Andererseits begehren Verbraucher immer heftiger gegen mögliche Rückstände von Spritzmitteln auf. Zugleich verlagert sich die Obst- und Gemüseproduktion vermehrt in Gewächshäuser. Damit scheinen die Biowaffen doch auch in der konventionellen Landwirtschaft ökonomisch sinnvoll zu sein.

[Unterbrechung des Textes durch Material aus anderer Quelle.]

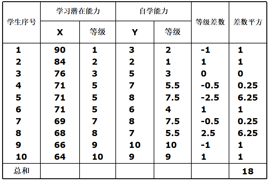 10名高三学生学习潜在能力测验与自学能力测验成绩如下表所示,问两者相关情况如何?

Ja, der Trend zum Anbau in Gewächshäusern hat einiges verändert, das stimmt. Vielleicht bin ich nach Jahrzehnten strikter Ablehnung durch die Chemiekonzerne auch einfach zu pessimistisch. Bisher war es leider in vielen Entwicklungsländern so, dass bestehende biologische Systeme der Schädlingskontrolle durch Chemie ersetzt wurden, sobald die Bauern sie sich leisten konnten. Statt eines Fruchtwechsels setzten sie dann auf Monokulturen, eine ideale Einflugschneise für Schadinsekten. Ein Umdenken beginnt oft erst nach Jahrzehnten, wenn die chemischen Waffen stumpf geworden sind.

Bricht also jetzt das Zeitalter des biologischen Pflanzenschutzes an?

Das hoffe ich sehr – und dafür setze ich mich mit meiner Stiftung Biovision in zahlreichen Projekten ein. Aber ich ärgere mich immer wieder, wenn nicht mal die vorhandenen Mittel genutzt werden. Etwa als im Sommer 2012 Heuschrecken die Ernten im Sudan bedrohten, hätte die Welternährungsorganisation die Tiere mit biologischen Wirkstoffen frühzeitig am Schwärmen hindern können. Stattdessen wartete sie, bis die Schwärme auf den Feldern einfielen – um sie erst dann mit teuren Insektenschutzmitteln niederzuknüppeln.